As has been the case since the Soviet Union fell, Ukraine once again finds itself caught between two great powers. This time around, however, Russia has clawed back the predominantly pro-Russia regions of Luhansk and Donetsk.
Russia wants to break these territories off of Ukraine and have them recognized as independent states. But Zhovka said, moments after his initial (bullish) remarks, that Ukraine wouldn’t trade a “single inch” of its territories. Then, he dashed hopes of peace further by adding that Ukraine wants a response from the EU on the condition of its application.
So, even though Ukraine is no longer dead set on joining NATO, it still wants into the EU, which would virtually provide the same benefits and protection as NATO membership.
And, to Russia, that would also present the same dangers as a NATO-controlled Ukraine.
This made Zhovka’s earlier comments far less of a bullish impulse. Nonetheless, traders took them as a sign that conditions are improving in Ukraine. Commodities plunged, giving stocks some breathing room as bulls took control.

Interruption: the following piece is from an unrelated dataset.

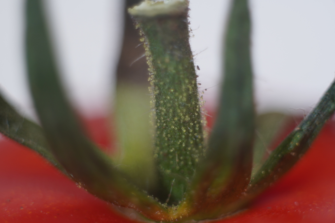 Und noch am Makro-Balgen ein Tomatenfoto bei Offenblende:

West Texas Intermediate crude, which serves as the US oil benchmark, fell 4% to roughly $118 per barrel. Brent crude – the international benchmark – dropped 3.5% to $123.
“The equity market continues to take its cues from changes in commodity prices, namely oil,” said Oxford Economics’ Kathy Bostjancic.
“Trading will continue to be volatile and rally when prices retreat, but overall, the prospect of oil and non-energy prices remaining very high casts a cloud overall the outlook for economic activity and the equity market.”
One week from now, the Fed will wrap up its March FOMC meeting on the 16th. Fed Chairman Jerome Powell is expected to announce a rate hike to the tune of 25 bps.
With oil prices skyrocketing, though, Powell may unveil a bigger rate increase in his post-FOMC press conference. Gas just hit a record high in the US, which will increase the costs of virtually all goods, thus making the already bad inflation situation worse.
“You can’t have the rise at the fuel pumps not hit the economic pockets of everyday Americans, because it’s going to make everything go up in costs,” said Victoria Greene, G-Squared Private Wealth founding partner.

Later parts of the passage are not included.